Pour la plupart des chasseurs, cette abondance sans profusion n’est pas matière à discussion. Une question plus intéressante est celle de savoir pourquoi ils se contentent de si peu de possessions, car il s’agit là pour eux d’une politique, d’une « question de principe », et non d’un malheur. Sont les chasseurs si peu exigeants de biens matériels parce qu’ils sont les esclaves de la quête de nourriture, « qui exige un maximum d’énergie de la part d’un maximum de personnes », de sorte qu’il ne leur reste ni le temps ni la force nécessaires pour se procurer d’autres moyens de confort ? Certains ethnographes témoignent du contraire, et affirment que la quête d’aliments est si réussie que, la plupart du temps, les gens ne savent plus à quoi s’occuper. D’autre part, ce succès n’est obtenu que par la mobilité, qui peut être plus ou moins grande suivant les cas, mais toujours suffisante pour déprécier rapidement les satisfactions de la propriété. On dit des chasseurs, avec raison, que la richesse est un fardeau pour eux. Pour leur mode de vie, les biens peuvent devenir « une grave oppression ».

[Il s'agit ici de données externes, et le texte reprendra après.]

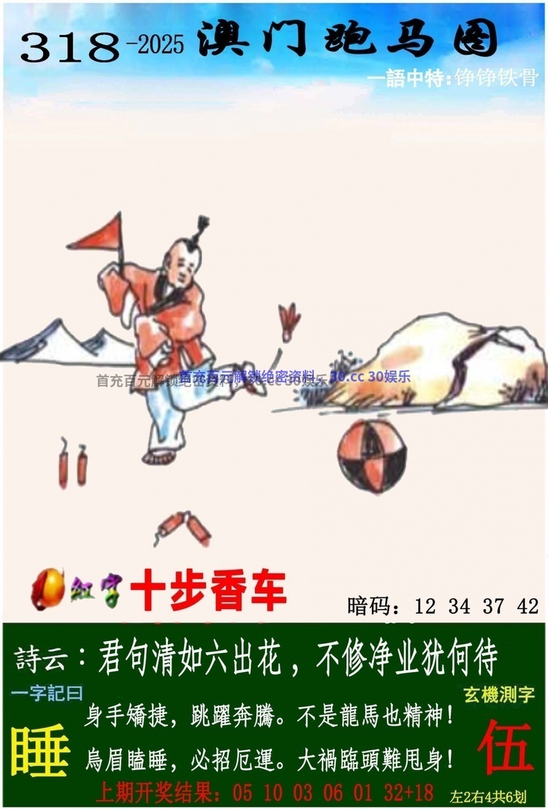| 318期一字記曰:【睡】 解:图片显示一个小孩在踢毽子解出小数01-24.本期红字带来的是十步香车的意思是比喻处处都有人才,通过十步与香车的意象组合,暗含人才分布密集之意诗词的意思是大祸临头难甩身这一现象,又与龙马的运势密切相关,龙马是大水的象征,象征着大逆不反、大灾大祸,但也意味着好运连连。大祸临头难甩身并不是一种不可避免的厄运,而是一种需要耐心等待好运的运势 综合取肖:鸡猪牛狗虎鼠猴 |
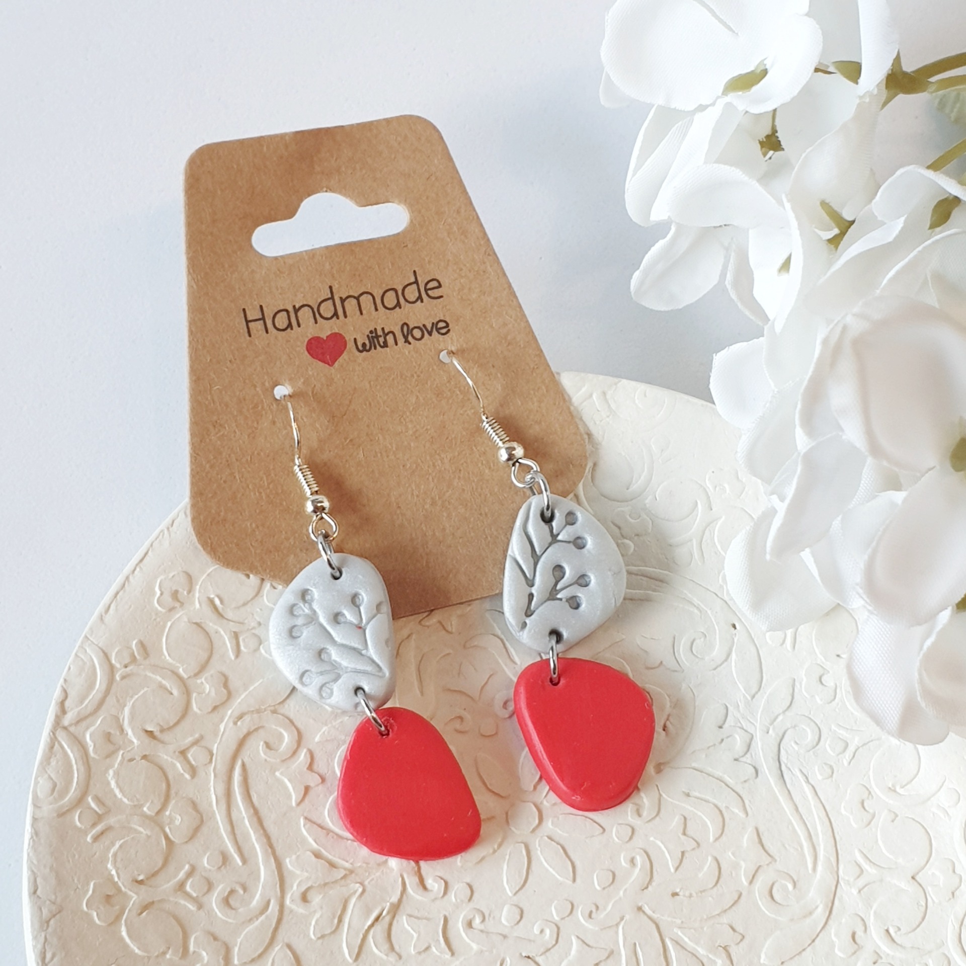 Realce o seu estilo com estes elegantes brincos artesanais, criados em argila polimérica com acabamento moderno e sofisticado. A combinação do vermelho vibrante com o padrão mármore em cinza garante um visual único e cheio de personalidade.

La mobilité et la propriété sont contradictoires. Il est évident, même pour un étranger, que la richesse devient vite un embarras plutôt qu’un avantage.
On est tenté de dire que les chasseurs sont des êtres humains « non économiques ». Du moins en ce qui concerne les biens non indispensables à la subsistance, ils sont à l’opposé de la caricature immortalisée sur la première page des Principes généraux de l’Économie. Leurs besoins sont réduits et, par rapport à ces besoins, leurs moyens sont abondants. Par conséquent, ils sont « comparativement sans pressions matérielles », n’ont « aucun sens de la possession », témoignent d’un « sens de la propriété non développé », sont « absolument indifférents aux pressions matérielles », manifestent un « manque d’intérêt » à développer leur équipement technique.

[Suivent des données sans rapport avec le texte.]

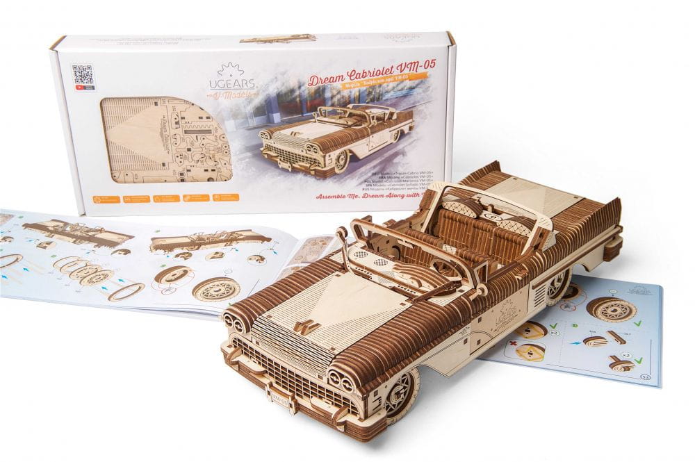 Kabriolet marzeń od Ugears - poczuj wiatr we włosach w aucie, którego historia sięga lat 50. ubiegłego wieku. Wykonane z dbałością o szczegóły drewniane puzzle mechaniczne 3D, 739 elementów - poziom trudności: ciężko.
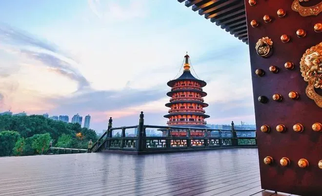 如今已建成的九洲池遗址以宏大与深邃、人力与苍古、水泉与眺望的园林建造手法,引黄河之水,形成“纳千倾之汪洋,收四时之烂漫”的景观,是集遗址展示、园林艺术、牡丹观赏、娱乐休闲于一体的文化空间。不去隋唐洛阳城,不知何为神都洛阳。夜幕下的隋唐洛阳城,才真正显露出他最本真的模样。古建筑依次点亮,流光溢彩,展现着一眼千年的盛唐风采。此时,络绎不绝的人群中,华美汉服频现,衣袂飘飘、人声鼎沸,这才是千年前的大唐人间啊!丽景门 | 不到丽景门,枉来洛阳城

Or, du point de vue économique il semble erroné de dire que leurs besoins sont « restreints », que leurs désirs sont « circonscrits » ou même que leur notion de richesse est « limitée ». Ces mots présupposent l’existence d’un Être humain économique, et impliquent que les chasseurs luttent contre leur propre mauvaise nature, laquelle est finalement refrénée par un voeu de pauvreté culturel. Ils comportent l’idée de renonciation à un instinct de possession qui, en réalité, ne s’est jamais développé, celle de la suppression de désirs que l’on n’a jamais eus. Ce n’est pas que les chasseurs et les cueilleurs aient maîtrisé leurs « impulsions » matérialistes : ils n’en ont jamais fait une institution.
On peut affirmer avec des arguments solides que les chasseurs et les cueilleurs travaillent moins que nous ; la quête de nourriture, loin d’être une activité continuelle, est intermittente ; leurs moments de loisir sont abondants, et le temps de sommeil par personne et par jour y est, sur l’ensemble de l’année, plus grand que dans n’importe quel autre type de société.
Les personnes les plus « primitives » du monde ont peu de possessions, mais elles ne sont pas pauvres. La pauvreté ne vient pas du faible volume de biens matériels ; elle ne vient pas non plus du seul rapport entre la fin et les moyens ; elle est, par-dessus tout, le résultat des rapports entre les personnes. Les chasseurs n’étant pas obsédés par l’idée de pénurie engendrée par le marché, leurs tendances économiques sont peut-être plus solidement fondées sur l’abondance que les nôtres.
Une vision holistique de la santé impliquerait peut-être de nous tourner vers l’origine même de nos sociétés pour y chercher non seulement la santé, mais des sociétés saines. Dans ce sens, pour nombre de ceux qui vivent dans les « riches » sociétés modernes, le simple fait de se libérer d’un quelconque besoin représenterait un pas vers la bonne santé.